Webpass tried to get permission to run fiber optic cables through AT&T’s conduits and put splice cases and loops of coiled, slack cable in AT&T’s manholes. According to Webpass’ filing, AT&T just said no

AT&T California rejected Webpass’ plans to install splice cases and coil loops. In addition, while the drawings show that many ducts are only partially-filled, AT&T California has stated to Webpass that a fiber optic cable override (i.e., installation of fiber optic cable in available space that is already partially occupied by an existing AT&T California cable) is never allowed except in entrance facilities owned by other parties or unless AT&T California’s cable is enclosed in an innerduct, which is rarely the case. This means that even though there may be ample space in multiple partially-used conduits, in most cases AT&T California refuses to allow Webpass to install fiber in those conduits. And, in cases where Webpass is allowed to override an existing AT&T Califomia innerduct containing a fiber optic cable, AT&T California requires Webpass to install two additional innerducts, one for Webpass’ use and one to be reserved for AT&T Califomia’s use.

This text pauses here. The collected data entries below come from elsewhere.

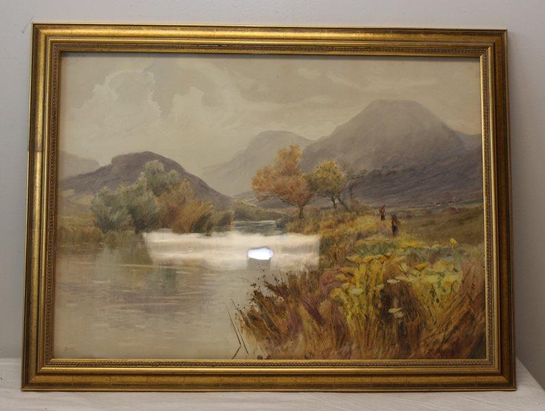 LISTED ARTIST James Arthur Jameson watercolor painting depicting couple carrying items along the stream. Measurement approximate: Image 20 H X 28 W /framed 24 H X 32 W. Material: Water Color. Shipping cost $150 Excluding California, Alaska & Hawaii.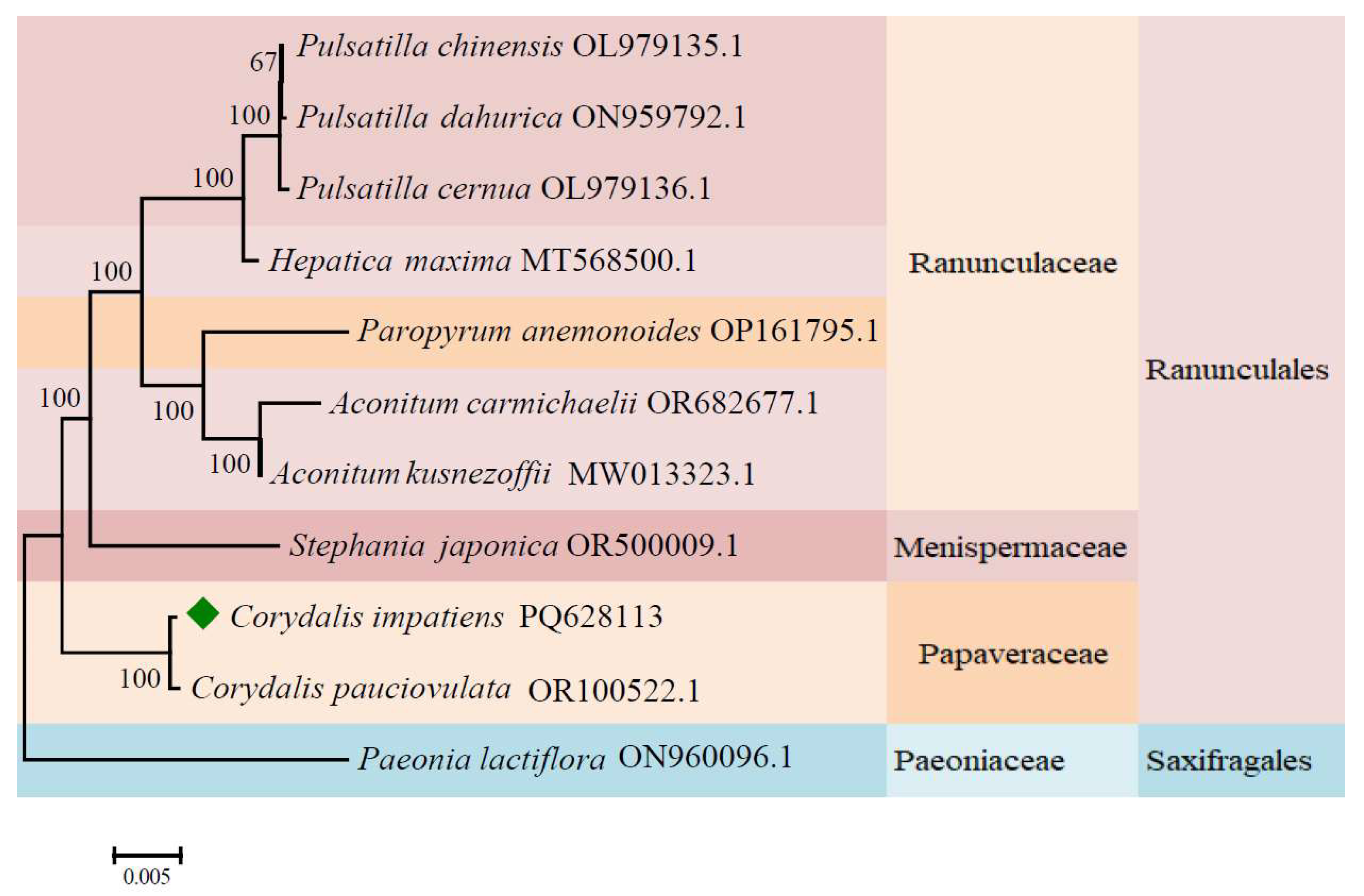 - Wan, D.; Bao, H.; Danzeng, Q.; Guo, X.; Li, Q. Chloroplast genome of Corydalis impatiens (Pall.) Fisch. ex DC. (Papaveraceae), a Tibetan medical herb. Mitochondrial DNA Part B 2022, 7, 1413–1415. [Google Scholar] [CrossRef] [PubMed]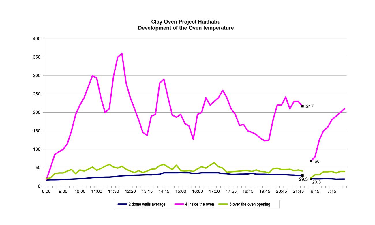 During the entire experiment 45.1 kg of lime wood were burnt. The value for the energy produced by lime wood is an average 4.1 KWh per 1 kg of wood. Thus, the wood consumption produced an energy total of 184.91 KWh. Drawing conclusions from this result is not useful, because we are short of adequate opportunities to compare with other ovens. The question of the efficiency of this kind of oven has to remain unsolved for the moment.

What is more, AT&T always denies access to the last open conduit in any location, because AT&T California claims a right to reserve that conduit for AT&T Califomia’s exclusive future use. Such conduit might be for entrance to a new building to which AT&T California just installed service (for which a spare conduit would likely remain unneeded for many years) or it could be an open conduit between two manholes in the street. In either event, if it is the last open conduit, AT&T Califomia has been very clear that access will be denied 100% of the time.

AT&T California’s policies are blatantly discriminatory and anticompetitive. AT&T California installs its own splice cases in manholes, and Webpass is informed that AT&T California has permitted other communications providers to do so as well. Exhibit C is a photograph of splice cases in an AT&T California manhole. Webpass is also informed that AT&T California freely overrides its own cables and innerducts (as well as cables and innerducts owned by other companies) in partially vacant conduit, including where the existing cable in the conduit consists of copper pairs. Additionally AT&T Califomia does not go through the same roping and tagging process to reserye space that competitive providers are compelled to follow’ AT&T California just sends out crews to install cable in any available open space and documents the build upon completion.

AT&T’s initial response was to have the complaint dismissed as improper on technical grounds. The first hearing was scheduled for last Friday and by all appearances seems to have taken place, although I haven’t confirmed it. If the CPUC jumps into this dispute with both feet, it will be an important precedent for competitive broadband providers, no matter what it decides.